GOAL OF THE EXERCISE =
Please make an exact copy of the listing, without the pictures.

DATA TO PROCESS =
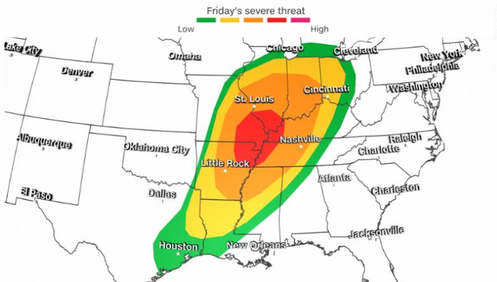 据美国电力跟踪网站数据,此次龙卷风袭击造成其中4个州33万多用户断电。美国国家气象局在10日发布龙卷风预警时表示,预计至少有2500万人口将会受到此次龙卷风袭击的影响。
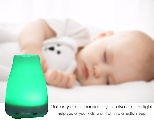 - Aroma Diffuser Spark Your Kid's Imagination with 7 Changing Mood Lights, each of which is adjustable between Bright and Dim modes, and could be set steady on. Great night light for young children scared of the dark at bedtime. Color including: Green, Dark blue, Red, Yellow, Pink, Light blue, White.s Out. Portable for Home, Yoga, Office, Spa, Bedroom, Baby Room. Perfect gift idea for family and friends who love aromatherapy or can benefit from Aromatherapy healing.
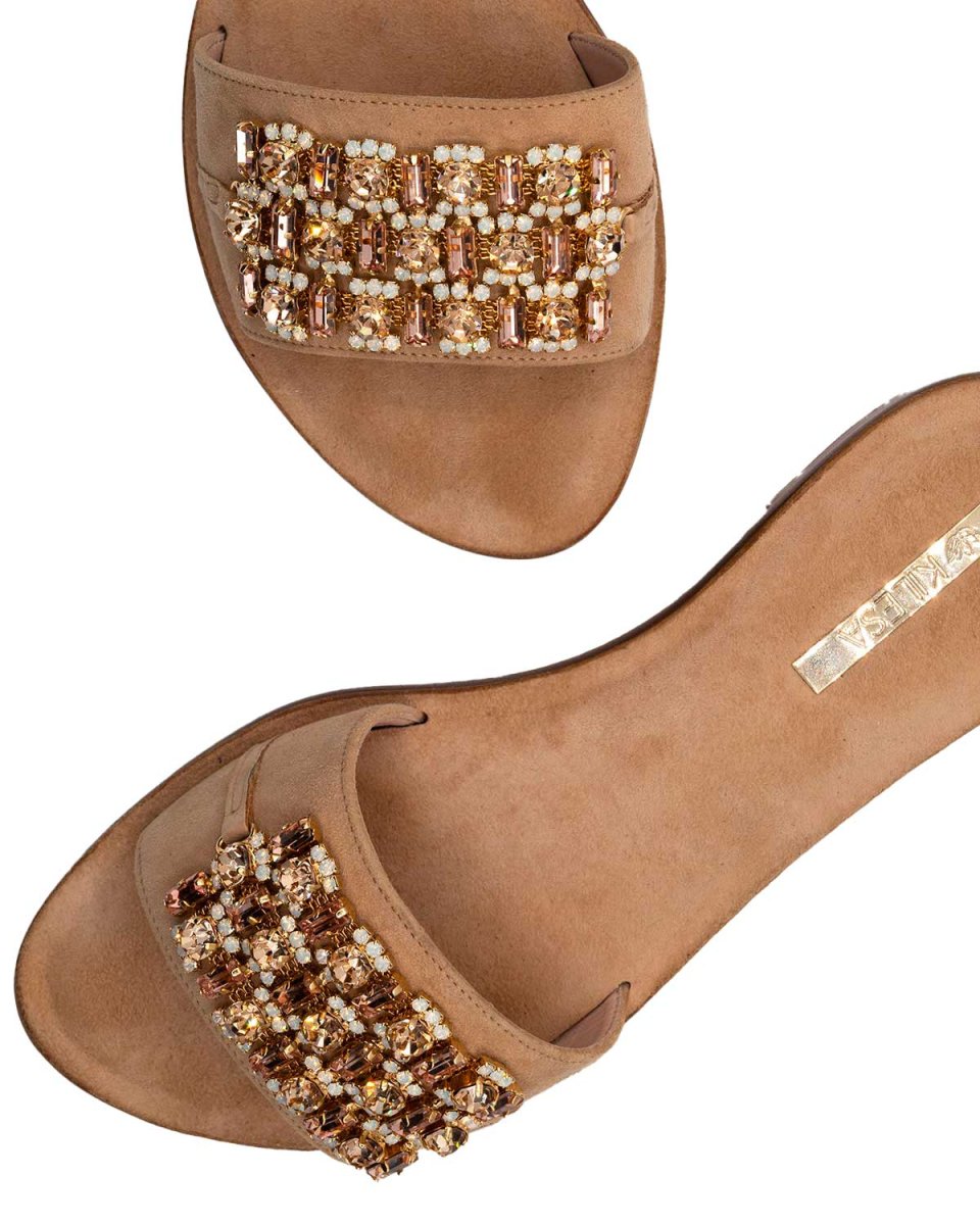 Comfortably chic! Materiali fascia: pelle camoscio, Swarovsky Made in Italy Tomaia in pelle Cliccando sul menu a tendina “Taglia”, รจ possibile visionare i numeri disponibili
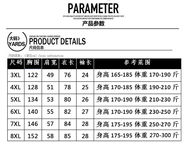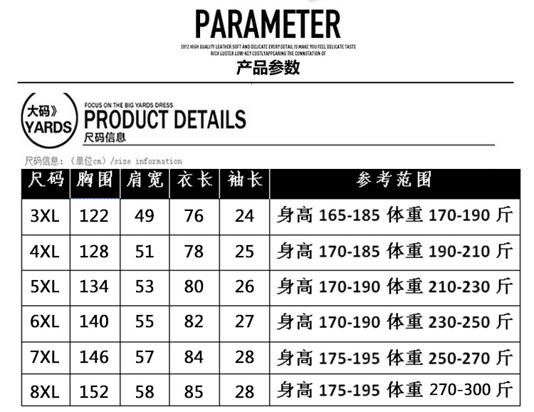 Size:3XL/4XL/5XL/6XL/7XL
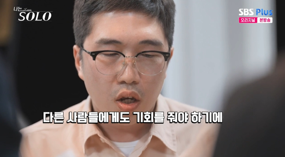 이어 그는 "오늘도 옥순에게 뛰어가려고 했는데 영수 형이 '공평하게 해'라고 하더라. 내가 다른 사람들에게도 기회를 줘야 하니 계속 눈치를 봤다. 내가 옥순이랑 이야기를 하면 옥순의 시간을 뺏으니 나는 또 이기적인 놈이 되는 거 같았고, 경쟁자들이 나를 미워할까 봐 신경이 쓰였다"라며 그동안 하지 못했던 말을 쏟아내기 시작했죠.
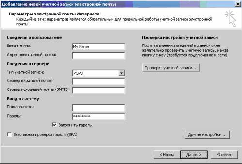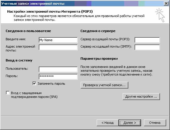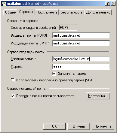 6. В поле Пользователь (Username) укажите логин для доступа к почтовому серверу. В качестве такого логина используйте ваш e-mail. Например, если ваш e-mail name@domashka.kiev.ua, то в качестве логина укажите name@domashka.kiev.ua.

ANSWER TO THIS PROBLEM =
 据美国电力跟踪网站数据,此次龙卷风袭击造成其中4个州33万多用户断电。美国国家气象局在10日发布龙卷风预警时表示,预计至少有2500万人口将会受到此次龙卷风袭击的影响。
 - Aroma Diffuser Spark Your Kid's Imagination with 7 Changing Mood Lights, each of which is adjustable between Bright and Dim modes, and could be set steady on. Great night light for young children scared of the dark at bedtime. Color including: Green, Dark blue, Red, Yellow, Pink, Light blue, White.s Out. Portable for Home, Yoga, Office, Spa, Bedroom, Baby Room. Perfect gift idea for family and friends who love aromatherapy or can benefit from Aromatherapy healing.
 Comfortably chic! Materiali fascia: pelle camoscio, Swarovsky Made in Italy Tomaia in pelle Cliccando sul menu a tendina “Taglia”, รจ possibile visionare i numeri disponibili
 Size:3XL/4XL/5XL/6XL/7XL
 이어 그는 "오늘도 옥순에게 뛰어가려고 했는데 영수 형이 '공평하게 해'라고 하더라. 내가 다른 사람들에게도 기회를 줘야 하니 계속 눈치를 봤다. 내가 옥순이랑 이야기를 하면 옥순의 시간을 뺏으니 나는 또 이기적인 놈이 되는 거 같았고, 경쟁자들이 나를 미워할까 봐 신경이 쓰였다"라며 그동안 하지 못했던 말을 쏟아내기 시작했죠.
 6. В поле Пользователь (Username) укажите логин для доступа к почтовому серверу. В качестве такого логина используйте ваш e-mail. Например, если ваш e-mail name@domashka.kiev.ua, то в качестве логина укажите name@domashka.kiev.ua.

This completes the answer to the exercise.